Rachel,

you can use position() = 1 and position() = last() to get these items from a set of iterated nodes

<xsl:for-each select="$currentPage/node">
<xsl:if test="position() = 1">...</xsl:if>
<xsl:if test="position() = last()">...</xls:if>
</xsl:for-each>

Hope this helps.

Regards,

/Dirk

Hi Dirk, thank you for your response.

I am trying the following but it is not displaying anything on my page...

<ul id="mainNav">
<xsl:for-each select="$currentPage/node [string(data [@alias='umbracoNaviHide']) != '1']">
    <xsl:if test="position() = 1">
        <li><a href="{umbraco.library:NiceUrl(@id)}" class="main" id="mainNavLeft"><xsl:value-of select="@nodeName"/></a></li>
    </xsl:if>
    <li><a href="{umbraco.library:NiceUrl(@id)}" class="main"><xsl:value-of select="@nodeName"/></a></li>
    <xsl:if test="position() = last()">
            <li><a href="{umbraco.library:NiceUrl(@id)}" class="main" id="mainNavRight"><xsl:value-of select="@nodeName"/></a></li>
    </xsl:if>
</xsl:for-each>
</ul>

Do I need to add an if statement to the list items that will be in the middle of the navigation?

Thanks,

Rachel

Rachel,

That code should be displaying things, the if statements shouldn't matter as to whether the middle list items get displayed.

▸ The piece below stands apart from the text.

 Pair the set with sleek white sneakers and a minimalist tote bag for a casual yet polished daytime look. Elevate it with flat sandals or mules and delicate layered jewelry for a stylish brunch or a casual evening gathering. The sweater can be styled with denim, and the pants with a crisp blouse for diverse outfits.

You need to do a choose rather than an if as with yours right now the first and last elements will have two li's in your current code (as that middle li will always appear even if you show extras for the first and last):

<ul id="mainNav">
<xsl:for-each select="$currentPage/node [string(data [@alias='umbracoNaviHide']) != '1']">
<xsl:choose>
    <xsl:when test="position() = 1">
        <li><a href="{umbraco.library:NiceUrl(@id)}" class="main" id="mainNavLeft"><xsl:value-of select="@nodeName"/></a></li>
    </xsl:when>

    <xsl:when test="position() = last()">
            <li><a href="{umbraco.library:NiceUrl(@id)}" class="main" id="mainNavRight"><xsl:value-of select="@nodeName"/></a></li>
    </xsl:when>

<xsl:otherwise>
   <li><a href="{umbraco.library:NiceUrl(@id)}" class="main"><xsl:value-of select="@nodeName"/></a></li>
</xsl:otherwise>

</xsl:choose>
</xsl:for-each>
</ul>

Hi Rachel

Using the code above, your nav items will be written out twice on the first and last times, as it will write the middle list item as well as whatever is true for the if conditions.  Also, using $currentPage/node will only give output when the current page has children, so this would work e.g. for your homepage but not for any child pages.

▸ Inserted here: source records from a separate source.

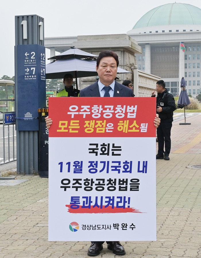 [½Ã»çÄÚ¸®¾ÆÀú³Î=Á¤Á¾¹Î ¼±ÀÓ±âÀÚ] ¹Ú¿Ï¼ö °æ³²µµÁö»ç°¡ ±¹È¸ÀÇ¿ø Àü¿ø¿¡°Ô Ä£Àü±îÁö Àü´ÞÇϸç ÇùÁ¶¸¦ ¿äûÇß´ø '¿ìÁÖÇ×°øÃ» ¼³Ä¡ ¹× ¿î¿µ¿¡ °üÇÑ Æ¯º°¹ý'(ÀÌÇÏ ¿ìÁÖÇ×°øÃ»¹ý)ÀÌ ¿À´Â 9ÀÏ ±¹È¸¸¦ Åë°úÇÒ °ÍÀ¸·Î º¸ÀδÙ.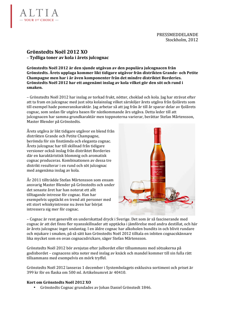 Grönstedts Noël 2012 är den sjunde utgåvan av den populära julcognacen från Grönstedts. Årets upplaga kommer likt tidigare utgåvor från distrikten Grande- och Petite Champagne men har i år även komponenter från det mindre distriktet Borderies. Grönstedts Noël 2012 har ett angenämt inslag av kola vilket gör den söt och rund i smaken.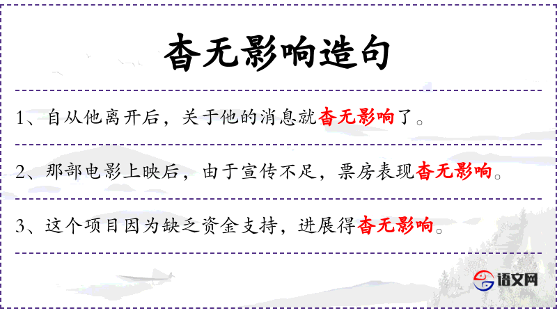 1. 【杳无影响】 - 没有踪影,没有音信。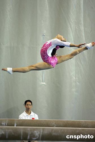 組圖:中國(guó)女子體操隊(duì)在雅典進(jìn)行賽前訓(xùn)練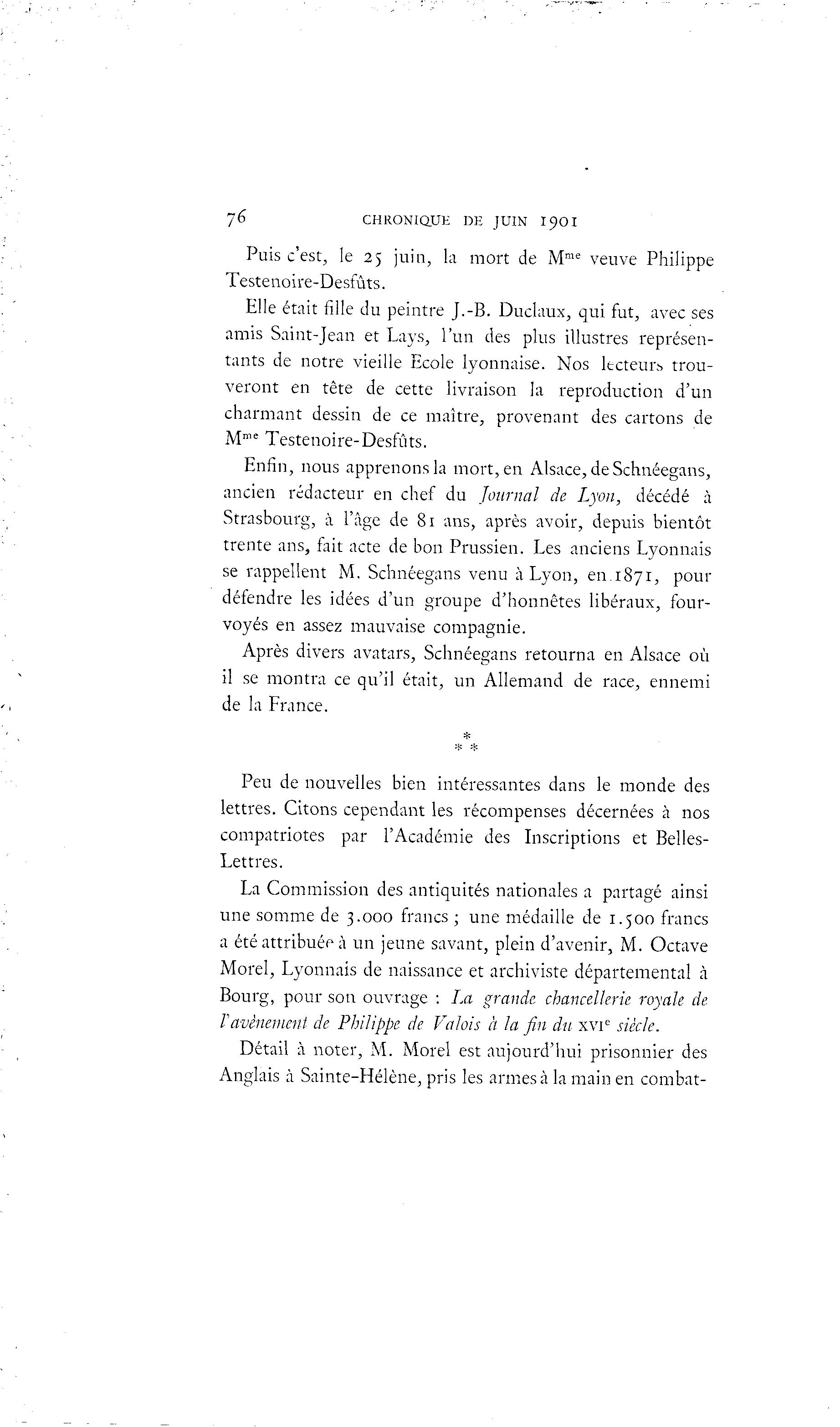 j6 CHRONIQUE DE JUIN I9OI Puis c'est, le 25 juin, la mort de Mme veuve Philippe Testenoire-Desfûts. Elle était fille du peintre J.-B. Duclaux, qui fut, avec ses amis Saint-Jean et Lays, l'un des plus illustres représen- tants de notre vieille Ecole lyonnaise. Nos lecteurs trou- veront en tête de cette livraison la reproduction d'un charmant dessin de ce maître, provenant des cartons de Mme Testenoire-Desfûts. Enfin, nous apprenons la mort, en Alsace, de Schnéegans, ancien rédacteur en chef du Journal de Lyon, décédé à Strasbourg, à l'âge de 81 ans, après avoir, depuis bientôt trente ans, fait acte de bon Prussien. Les anciens Lyonnais se rappellent M. Schnéegans venu à Lyon, en.1871, pour défendre les idées d'un groupe d'honnêtes libéraux, four- voyés en assez mauvaise compagnie. Après divers avatars, Schnéegans retourna en Alsace où il se montra ce qu'il était, un Allemand de race, ennemi de la France. Peu de nouvelles bien intéressantes dans le monde des lettres. Citons cependant les récompenses décernées à nos compatriotes par l'Académie des Inscriptions et Belles- Lettres. La Commission des antiquités nationales a partagé ainsi une somme de 3.000 francs ; une médaille de 1.500 francs a été attribuée à un jeune savant, plein d'avenir, M. Octave Morel, Lyonnais de naissance et archiviste départemental à Bourg, pour son ouvrage : La grande chancellerie royale de Favènement de Philippe de Valois à la fin du xvi e siècle. Détail à noter, M. Morel est aujourd'hui prisonnier des Anglais à Sainte-Hélène, pris les armes à la main en combat-

Something like the following might be better.  I've put only the id definitions into the if statements to avoid duplication

<ul id="mainNav">
  <xsl:for-each select="$currentPage/ancestor-or-self::node[@nodeTypeAlias='Homepage']/node [string(data [@alias='umbracoNaviHide']) != '1']">#
       <li>
            <a href="{umbraco.library:NiceUrl(@id)}" class="main">
              <xsl:attribute name="id">
                   <xsl:if test="position() = 1">
                      <xsl:text>mainNavLeft</xsl:text>
                  </xsl:if>
                   <xsl:if test="position() = last()">
                     <xsl:text>mainNavRight</xsl:text>
                 </xsl:if>
               </xsl:attribute>
                <xsl:value-of select="@nodeName"/>
          </a>
        </li>
   </xsl:for-each>
</ul>

Dan

Wow, a smorgasbord of useful answers!

hmm, not displaying anything.. time for some extra checks...

what if you just use

<xsl:for-each select="$currentPage/node [string(data [@alias='umbracoNaviHide']) != '1']">
<xsl:value-of select="@nodeName"/>
</xsl:for-each>

Does that display anything. If not, then your select in for loop doesn't generate results.

On the other hand, maybe be better to swith to another construct

<xsl:for-each select="$currentPage/node [string(data [@alias='umbracoNaviHide']) != '1']">
<xsl:choose>
<xsl:when test="position() = 1">...</xsl:when>
<xsl:when test="position() = last()">...</xls:when>
<xsl:otherwise>...</xls:otherwise>
</xsl:choose>
</xsl:for-each>

(your construct currently will output first and last items twice)

Cheers,

/Dirk

Hehe, yeah - fast responses for sure! @dandrayne: that approach will leave an empty id attribute on all anchors except first and last.

Sure lots of useful and even better answers... wow, what a community...

Woo hoo - thanks guys! I've used the code Kenneth posted and it works perfectly.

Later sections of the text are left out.